I just write and see what happens, and so far that’s worked for me, but it doesn’t come without problems. The main one being that I write and make a lot of mistakes, usually a lot of simple grammatical ones.

Sometimes I think I’m the only person in the world who at nearly twenty-five can’t differentiate the different types of there/eir/y’re’s. I have the last one down pat, that one’s the easiest, but the other two always throw me. There are the tricks I’ve been told a thousand times and the constant circling of them on my papers, but it’s just something that doesn’t stick.

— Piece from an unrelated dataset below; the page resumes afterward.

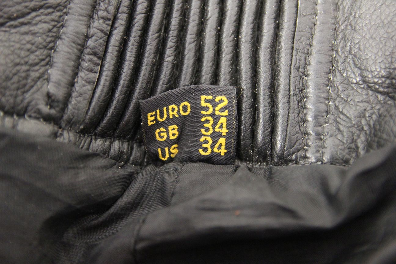 The maker's label shows the size as UK & US 34 inches/European size 52, short fit. These will fit a waist of 32-34 inches and an inside leg of 26 inches according to our measurements. The leather is elasticated at the back of the waistband, so it will stretch a little if required.
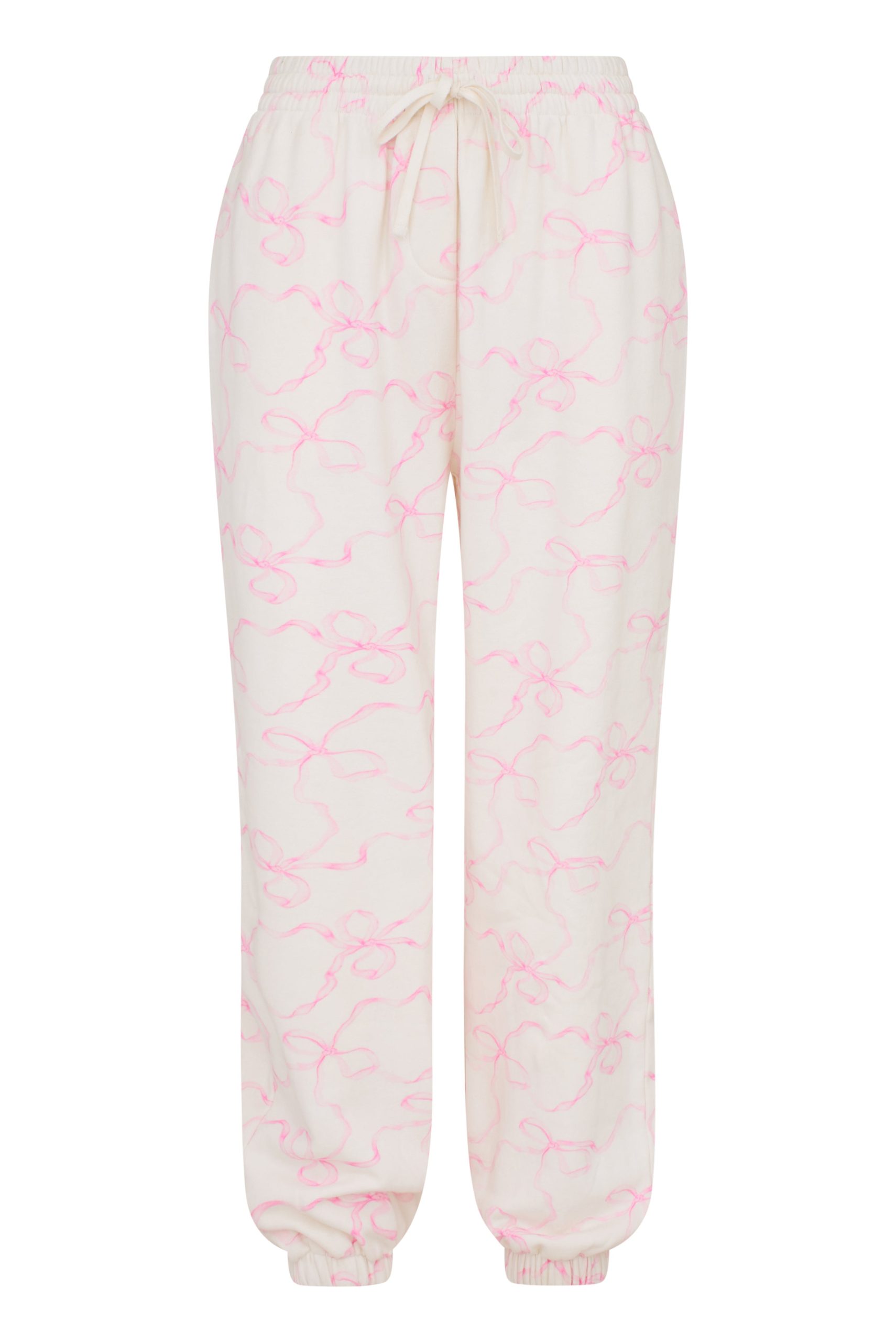 Loving on the Lillia Sweatpant. Designed from an ultra-soft, brushed back fleece, these cozy pants feature our signature Luna Rose Bow on the front of the plants. Pair with the Pierre Crop Hoodie for a full set.

And I make other mistakes too, changes in tenses, a singular instead of a plural, all those little mistakes that I miss. I’m sure a lot of you have found spelling and grammatical errors in my other blog posts, which I know is ironic for someone who wants to pursue a career in editing. And I do edit my blog posts, not as well as I should (yes, I’ll admit to that) but I try to focus more on the writing, though when it comes to publishing things on the internet the two kind of go hand in hand.

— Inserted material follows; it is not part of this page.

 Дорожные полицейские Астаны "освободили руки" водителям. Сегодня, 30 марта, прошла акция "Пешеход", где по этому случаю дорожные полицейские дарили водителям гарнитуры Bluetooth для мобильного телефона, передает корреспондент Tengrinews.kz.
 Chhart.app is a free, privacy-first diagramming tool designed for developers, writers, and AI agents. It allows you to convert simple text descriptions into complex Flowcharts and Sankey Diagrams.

I’ve noticed it while participating in this year’s NaNoWriMo, all those red underlines, random capitals, and character name changes (it takes me forever to name things, just ask my cats) and the thought of editing it later kind of panics me, because I have to perfect this story for January for a contest and it seems like such an impossible task, especially when there are already so many mistakes in it, when it’s already so imperfect. But it’s out there, or it’s starting to, the words. It’s getting there, forming something, and I like it so far.

I don’t think that makes me a bad writer though, because grammar and spelling can always be fixed, but story structure, and the writing of the story itself, can’t. Not that that’s great either, though I can’t comment on that. I just mean that for me as a writer it’s more important to get those words out of my head than to constantly go back while writing and make sure it makes sense. I’d rather waste my time writing it all out than going back to edit and finishing nothing in the process.

And it doesn’t make me a bad editor either, just because I don’t always notice the mistakes in my own writing (someday when I write a book I don’t intend on being my own editor) it doesn’t mean I don’t notice or can’t edit someone else’s.

But again, writing and editing do go hand in hand, especially when finishing and perfecting a finished piece (which I haven’t done novel wise YET but will, soon hopefully), so how do I fix it?

Maybe I should start looking at my own writing like a strangers, completely divorce myself from my writing when I look at it and see it as someone else’s to critique.

Easier said than done, but it’s a start I guess.